→ **Problem**:
The pictures get dropped, while every remaining part of the listing is copied exactly.

→ **Data provided**:

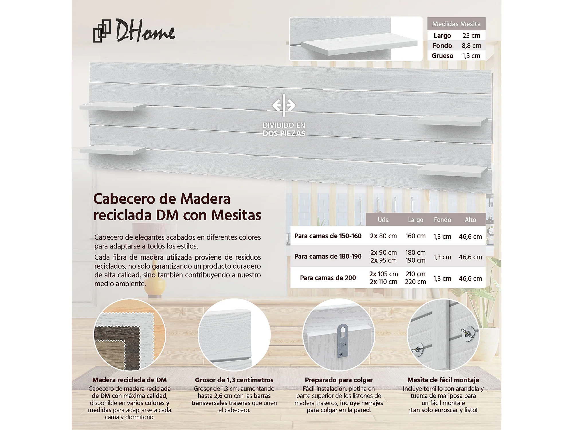 DHOME Tête de lit avec étagères en bois recyclé DM à suspendre au mur style palette horizontale avec pieds lit vintage nordique (bois blanc 210 cm)
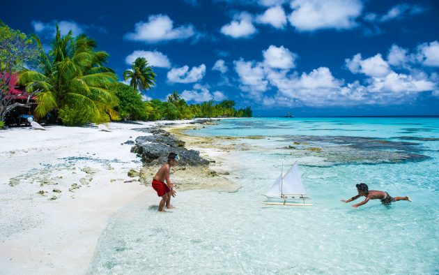 For the children, there was the tradition of the ‘titiraina’, a model of a sailing dugout they played with and raced; a fun game which also allowed them to understand the wind and the sea from a very young age. Photo: Julien Girardot
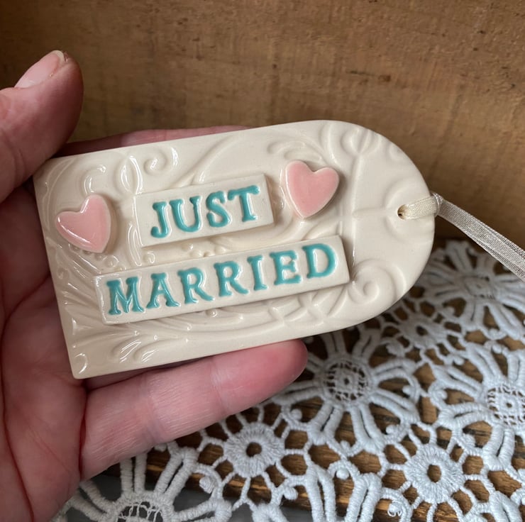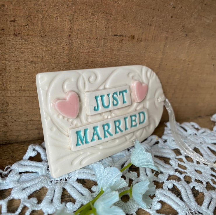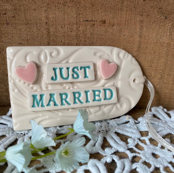 This tag decoration is made from white earthenware clay and is finished two little pink hearts.
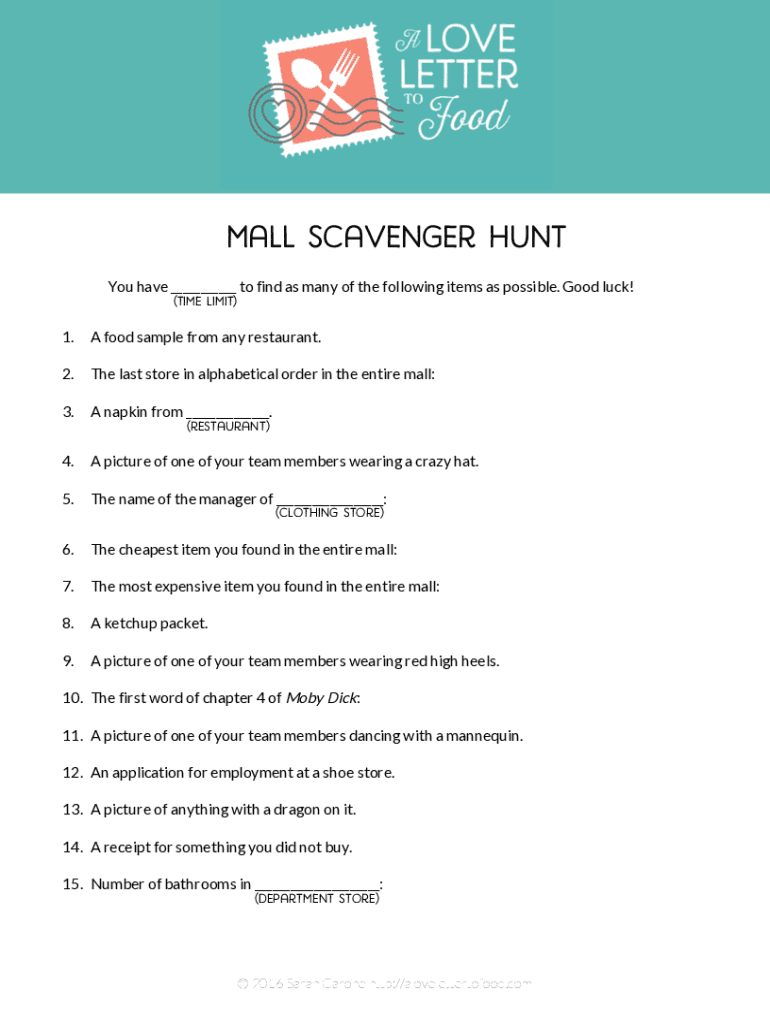 Mall Scavenger Hunt You have ___ to find as many of the following items as possible. Good luck! (time limit)1. A food sample from any restaurant.2. The last store in alphabetical order in the entire

→ **Exercise solution**:
 DHOME Tête de lit avec étagères en bois recyclé DM à suspendre au mur style palette horizontale avec pieds lit vintage nordique (bois blanc 210 cm)
 For the children, there was the tradition of the ‘titiraina’, a model of a sailing dugout they played with and raced; a fun game which also allowed them to understand the wind and the sea from a very young age. Photo: Julien Girardot
 This tag decoration is made from white earthenware clay and is finished two little pink hearts.
 Mall Scavenger Hunt You have ___ to find as many of the following items as possible. Good luck! (time limit)1. A food sample from any restaurant.2. The last store in alphabetical order in the entire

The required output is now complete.